The Bottière Chênaie
neighborhood displays its relationship to the territory by its integration into
a geological history and its rendition of market gardening. The park
strengthens the new link between the neighborhoods, accompanies the new
boulevard, following and balancing the new densities of its predominantly
indigenous vegetation, and expresses a certain idea of nature. The reopening of
the stream enhances the place that finds, in this small geography, a direction
and a centrality. The entire neighborhood orients itself towards it. Alleys
descend the slopes to the stream, children travel through the fords,
passageways span the pontoons where visitors profit from this newly revealed
water.
Water and nature, however, are not just
found at the park and the stream of the Gohards but are expressed in the dense
urban space, and are integrated into the vegetable gardens. This sharing of the
public space demonstrates the compatibility between urban density and urban
nature. The collection of rainwater coming from the built-up city blocks is
done in cultivated ditches. Creating cool areas in the city, this rainwater is
essentially expressed through the vegetation of white willows and reeds that
occupy half of the new shared thoroughfares.

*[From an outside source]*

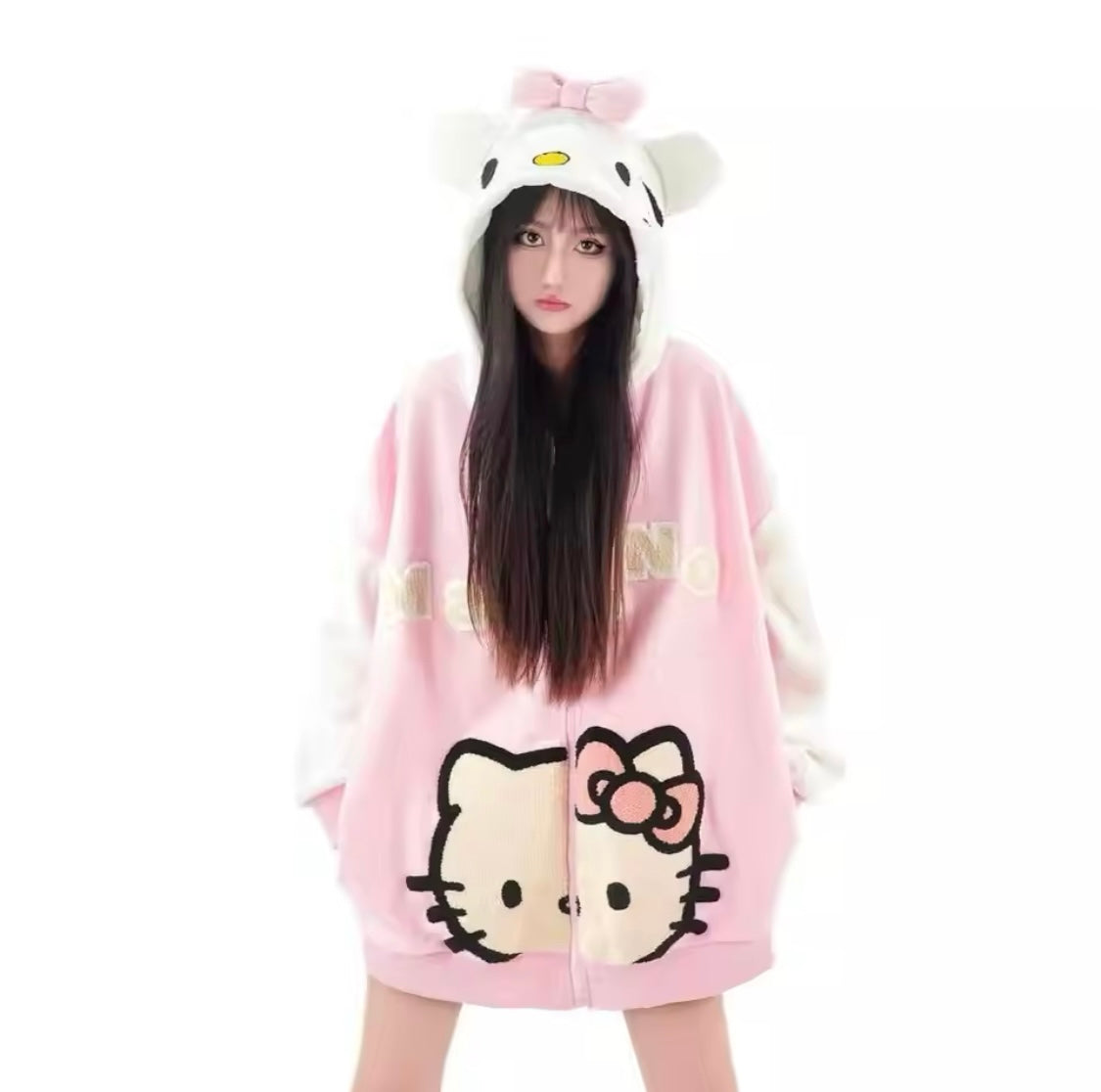 The hoodie features an oversized fit with a cute Hello Kitty face and bow embroidered design on the front.

There are many traces of the systems that
have been employed on the site in the past; among them some reservoirs,
connected to wells, still remain and contribute to the identity of the place.
Besides their conservation, and the restoration of a few of these reservoirs,
wind power permits them to renew the supply of water for future shared gardens
and the park. This rainwater feeds thewading pond of the central square and, in
the southern part of the park, two new ponds transcribe the dictates of the
Water Act in an aesthetic space and give the area a high-quality use of water.